Collected material
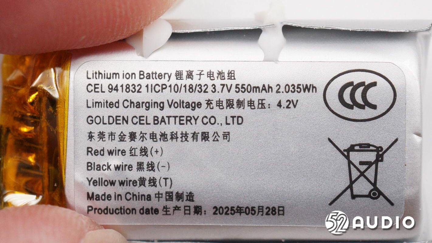 充电盒内置电池标签上信息,锂离子电池组,型号:CEL 941832,电池参数:3.7V 550mAh 2.035Wh,充电限制电压:4.2V,东莞市金赛尔电池科技有限公司。
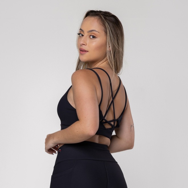 O top multifuncional pode ser usado de três formas diferentes, se transformando em uma peça coringa no guarda-roupas fitness. Conta com bojo removível com tratamento especial: não deforma, tem toque macio e não retém suor. O elástico no cós oferece ainda mais sustentação e conforto.
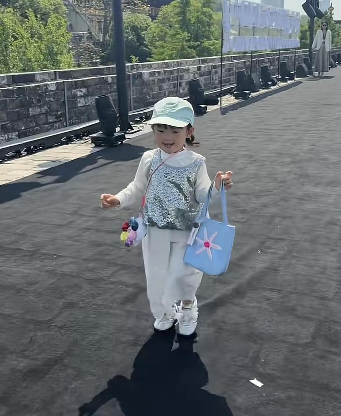 当天闪闪穿搭精致又亮眼,银色马甲外套搭配纯白色套装,手里提着小巧的蓝色包包,氛围感直接拉满。
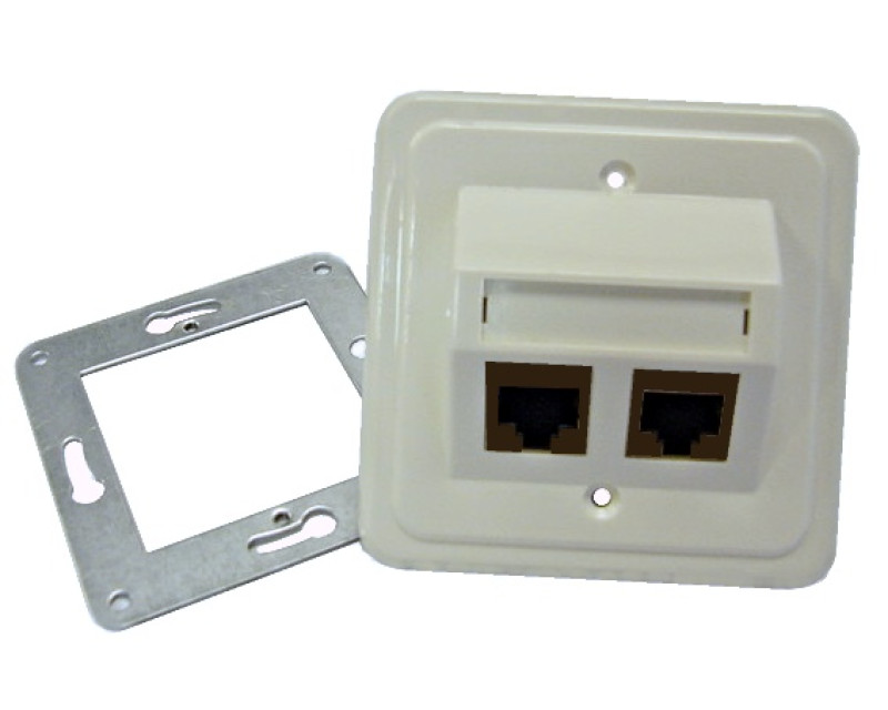 Zásuvka 2xRJ45 UTP CAT 5e pod omítku, vybavená rozměr 80x80mm s kovovým rámečkem

Aim of the task
Excluding pictures, print all lines above exactly.

Solution to the problem
 充电盒内置电池标签上信息,锂离子电池组,型号:CEL 941832,电池参数:3.7V 550mAh 2.035Wh,充电限制电压:4.2V,东莞市金赛尔电池科技有限公司。
 O top multifuncional pode ser usado de três formas diferentes, se transformando em uma peça coringa no guarda-roupas fitness. Conta com bojo removível com tratamento especial: não deforma, tem toque macio e não retém suor. O elástico no cós oferece ainda mais sustentação e conforto.
 当天闪闪穿搭精致又亮眼,银色马甲外套搭配纯白色套装,手里提着小巧的蓝色包包,氛围感直接拉满。
 Zásuvka 2xRJ45 UTP CAT 5e pod omítku, vybavená rozměr 80x80mm s kovovým rámečkem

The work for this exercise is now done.